## EXERCISE OBJECTIVE
Repeat exactly the lines of the records below, starting at the line containing "Pink Natural Strawberry" and ending at the line containing "Beautiful standalone end". Leave the pictures out.

[Opening RECORDS SUPPLIED section]

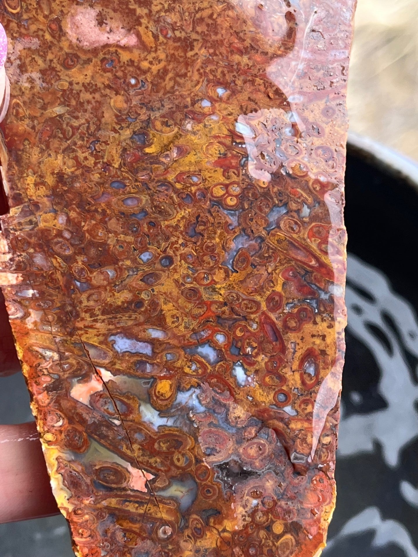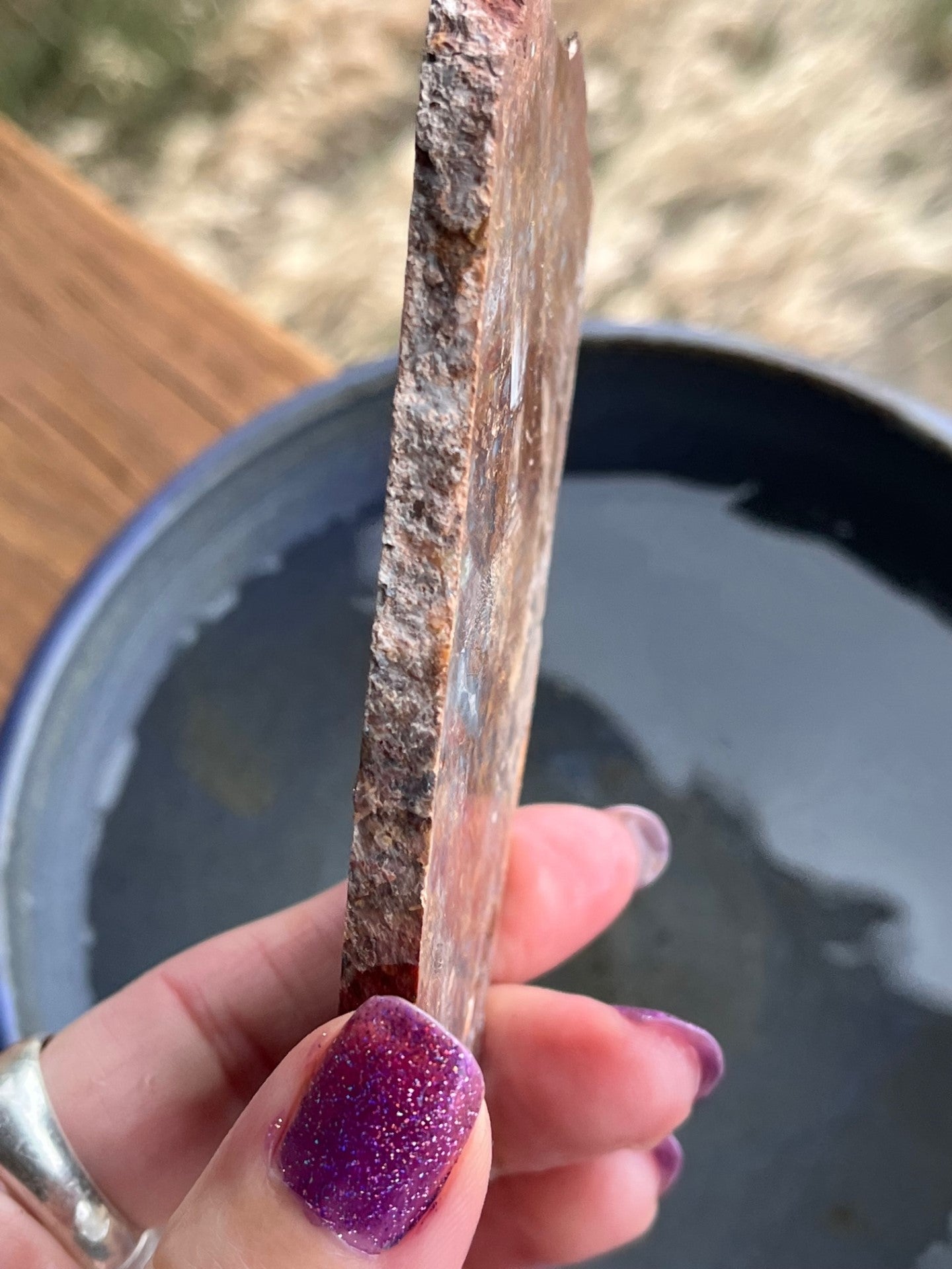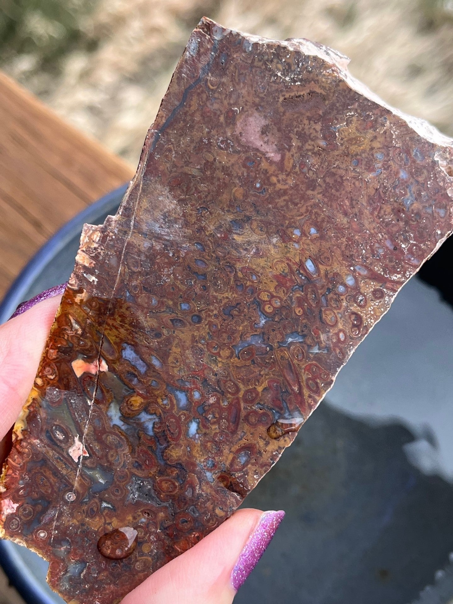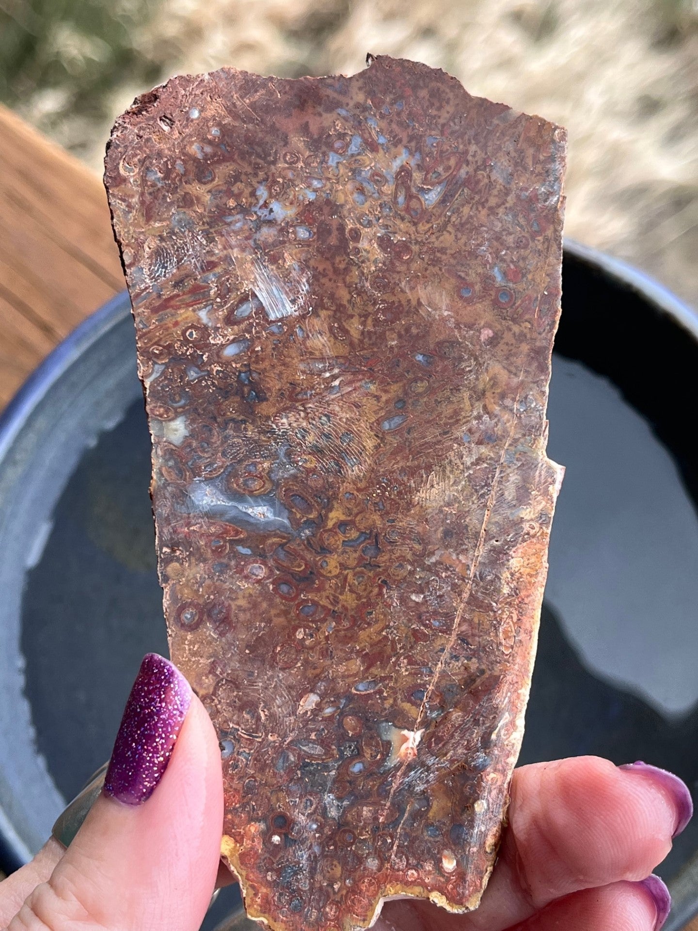 Indonesian stromatolite lapidary supplies stone slab measuring 4 1/4 inches across and 6mm thick. Not polished. Tones of brown and gold.
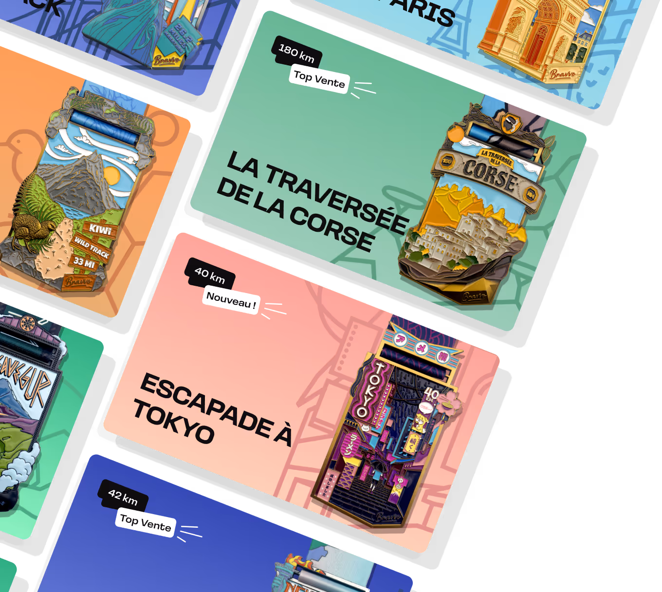 Bravvo est une plateforme de défis virtuels qui vous motive à bouger au quotidien. Que vous marchiez, couriez, pédaliez ou pratiquiez toute autre activité physique, vous pouvez suivre votre progression sur notre application mobile (iOS et Android), relever des défis à votre rythme et gagner de vraies médailles pour chaque défi terminé. Bravvo transforme chaque effort en expérience ludique et gratifiante, où que vous soyez.
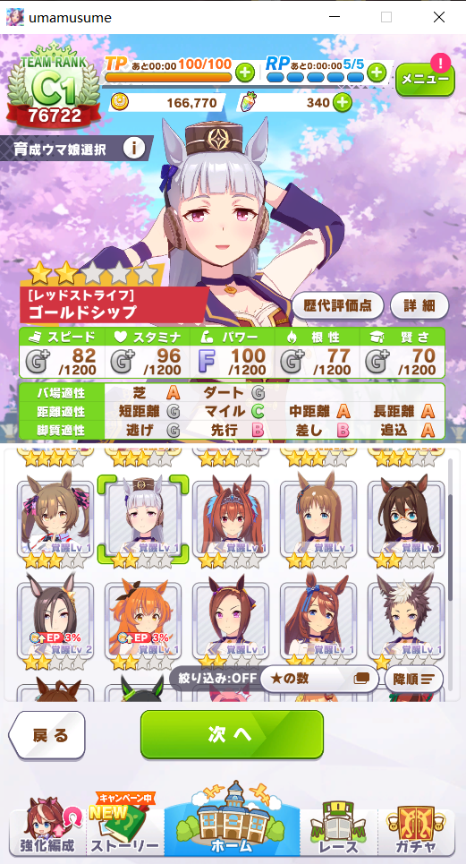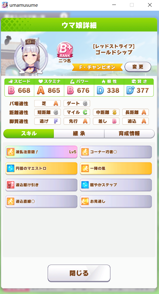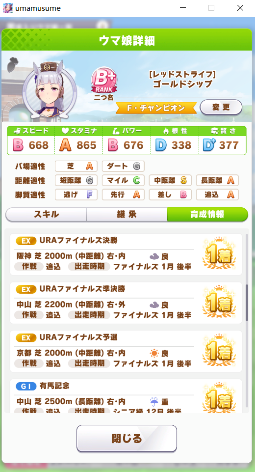 总的而言,把握好训练节奏,尽量提升速度,耐力力量三个属性并多多参加G1,G2赛事就可以稳定获得“破天荒”称号了,并且黄金船自身的评级还能稳定在B+以上,一举两得。
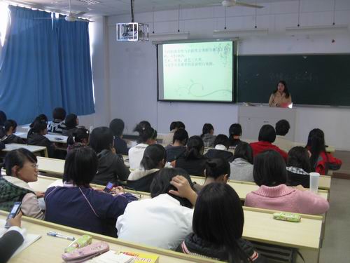 本次讲座的主讲人是获得复旦大学博士学位的罗筱玉老师,罗老师潜心研究古代文学,在这方面颇有造诣。罗老师先向同学们展示了两幅地图,通过分析宋、辽、西夏的形式引入宋代,然后从同学们深感兴趣的文体娱乐活动展开,介绍了宋代流行的艺术、体育、游艺三类活动,通过互动将相扑、踢毽子、斗禽虫等多种多样的活动呈现到在座的同学面前,让大家看到了一个生动多彩的宋朝。在轻松愉快的气氛中罗老师将话题带入了引人注目的两大文化现象:艺人社团的出现及娱乐中心的形成。随着讲座的深入,同学们跟随罗老师的提问思考,感受着宋代文化的恢宏。
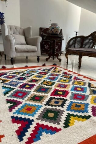 سجادة، سجادة كليم، صوف 100% مقاس 202 × 150 سم، ديكور يدوي متعدد الالوان من انتاج ايجيبت أنتيكس
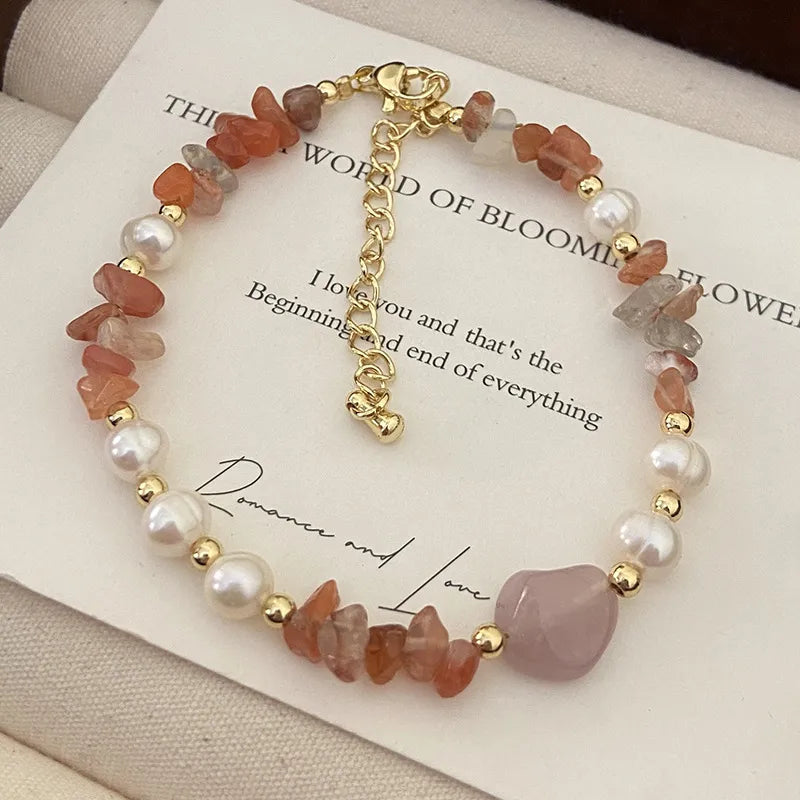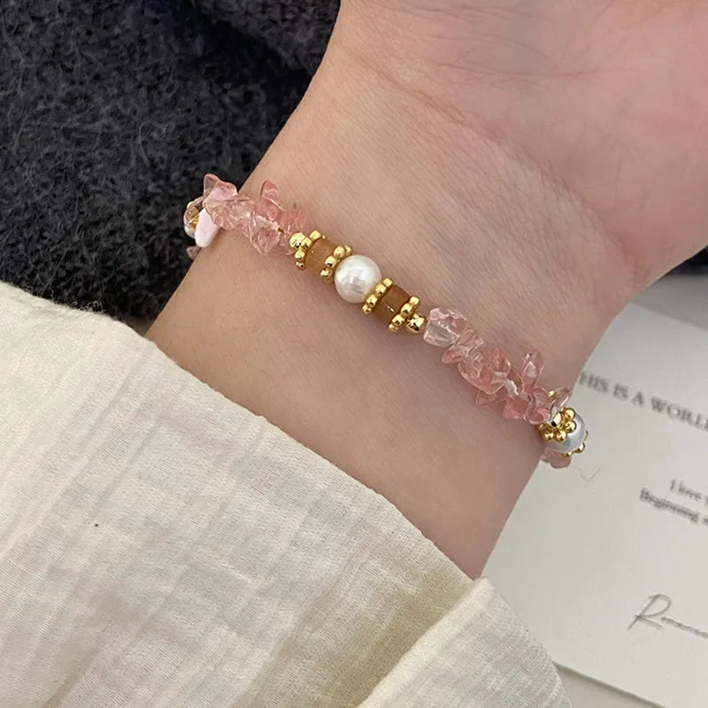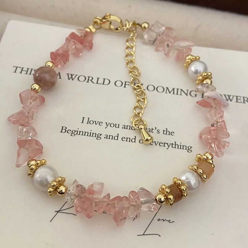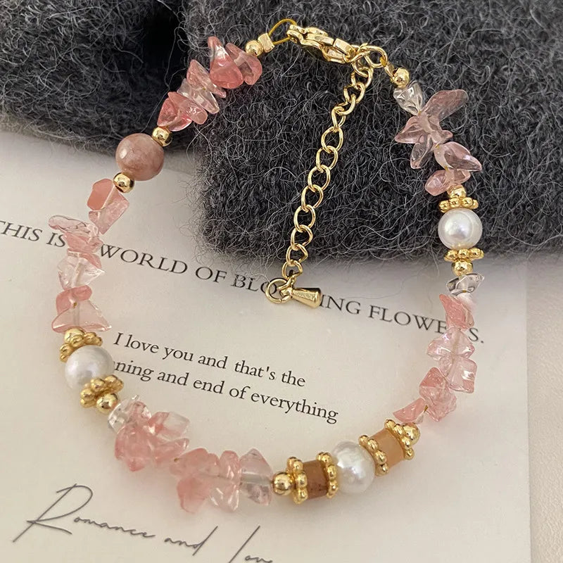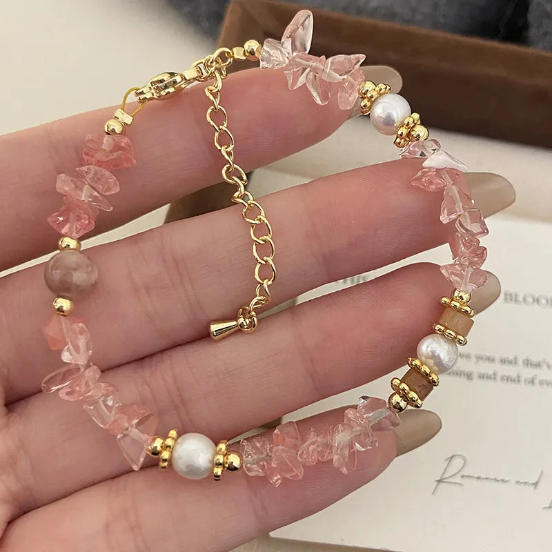 Pink Natural Strawberry Crystal Hand Bracelet Fresh Peach Blossom Attracting Freshwater Pearl Hand Chain Sweet Super Fairy Natural Stone Jewelry - R0748 Natural Stone Bracelet
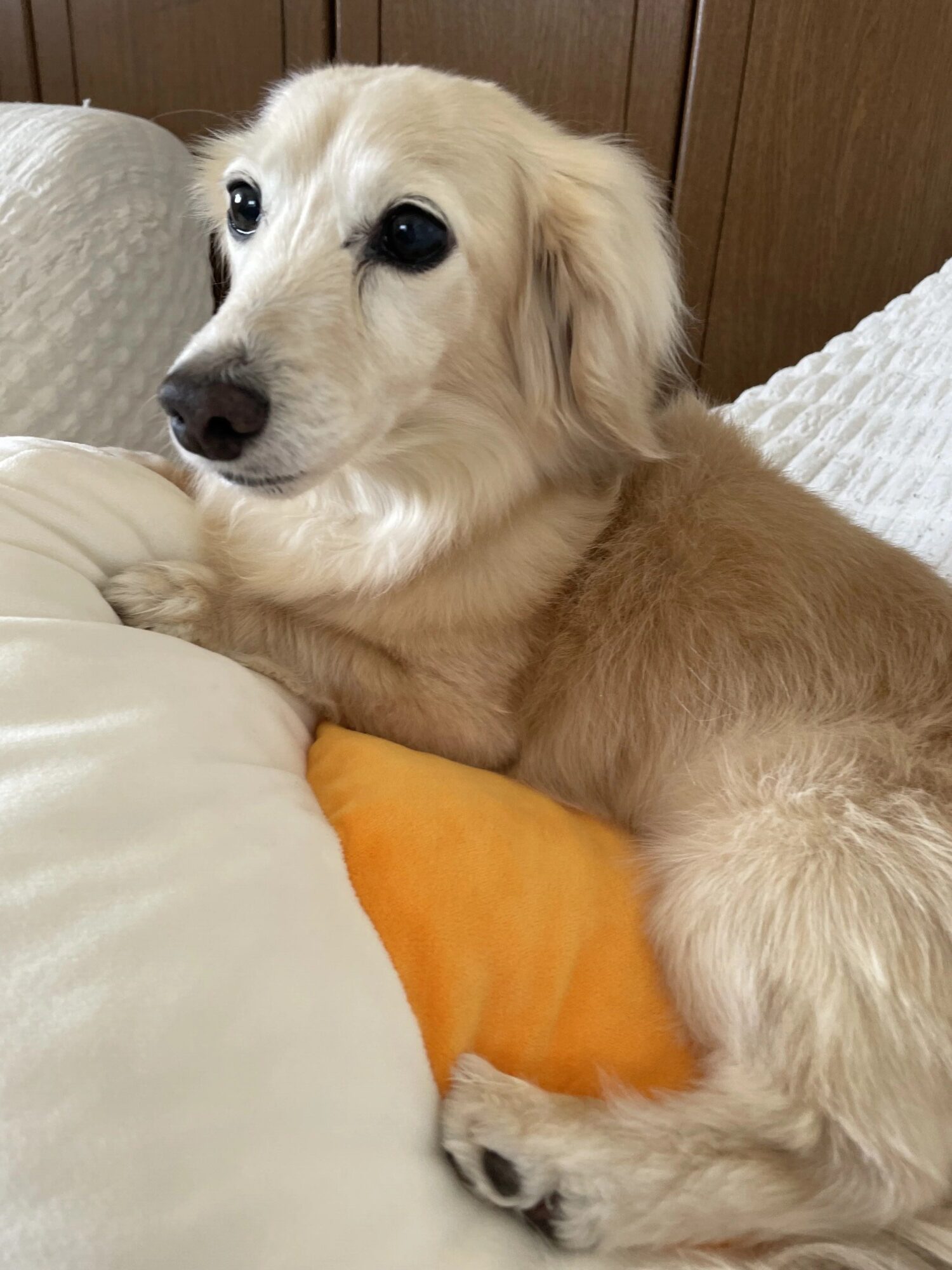 お散歩と子どもが大好きな健太くん。屈託のない仕草が、いつも周りの人たちを笑顔にしてくれています。最近のお気に入りは、枕に顎を乗せて寝る事です!
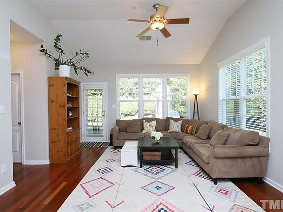 Beautiful standalone end unit townhome in West Vineyard Sq. no shared walls! Lots of nat light w/vaulted ceilings & arched drwys. 1st flr mst BR & bath, lg BRs up w/ walk-in storage & attic. Hdwds, tile & carpet, Qtz counters, 42" cabinets, new stainless D/W, mwave, fridge, plantation shutters. Close to UNC, Duke, I-40, RTP & great schools, stone's throw to Car. North to access miles of hike & bike trails. 2 car gar & ext storage. Sprinkler system inside, wired for 911. These don't come up often.
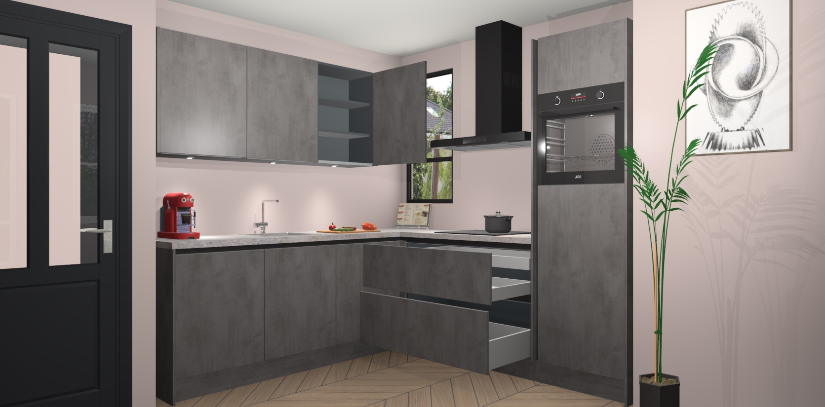 Koken wordt nooit meer hetzelfde met de aanwinst van de Beton Antraciet greeploze keuken Johannesburg! In deze moderne keuken ervaring zal u genieten van alle elementen die nieuwe kansen bieden om op een andere manier te koken. Met eeuwigdurende stijl en generieke opslagruimte zal u geen moment vervelendekomen als u in uw keuken bent. De deuren bevatten een comfortabele soft-close functie, waardoor er minder gehannes is bij elk gebruik.

[Closing RECORDS SUPPLIED section]

## WRITTEN RESPONSE
 Pink Natural Strawberry Crystal Hand Bracelet Fresh Peach Blossom Attracting Freshwater Pearl Hand Chain Sweet Super Fairy Natural Stone Jewelry - R0748 Natural Stone Bracelet
 お散歩と子どもが大好きな健太くん。屈託のない仕草が、いつも周りの人たちを笑顔にしてくれています。最近のお気に入りは、枕に顎を乗せて寝る事です!
 Beautiful standalone end unit townhome in West Vineyard Sq. no shared walls! Lots of nat light w/vaulted ceilings & arched drwys. 1st flr mst BR & bath, lg BRs up w/ walk-in storage & attic. Hdwds, tile & carpet, Qtz counters, 42" cabinets, new stainless D/W, mwave, fridge, plantation shutters. Close to UNC, Duke, I-40, RTP & great schools, stone's throw to Car. North to access miles of hike & bike trails. 2 car gar & ext storage. Sprinkler system inside, wired for 911. These don't come up often.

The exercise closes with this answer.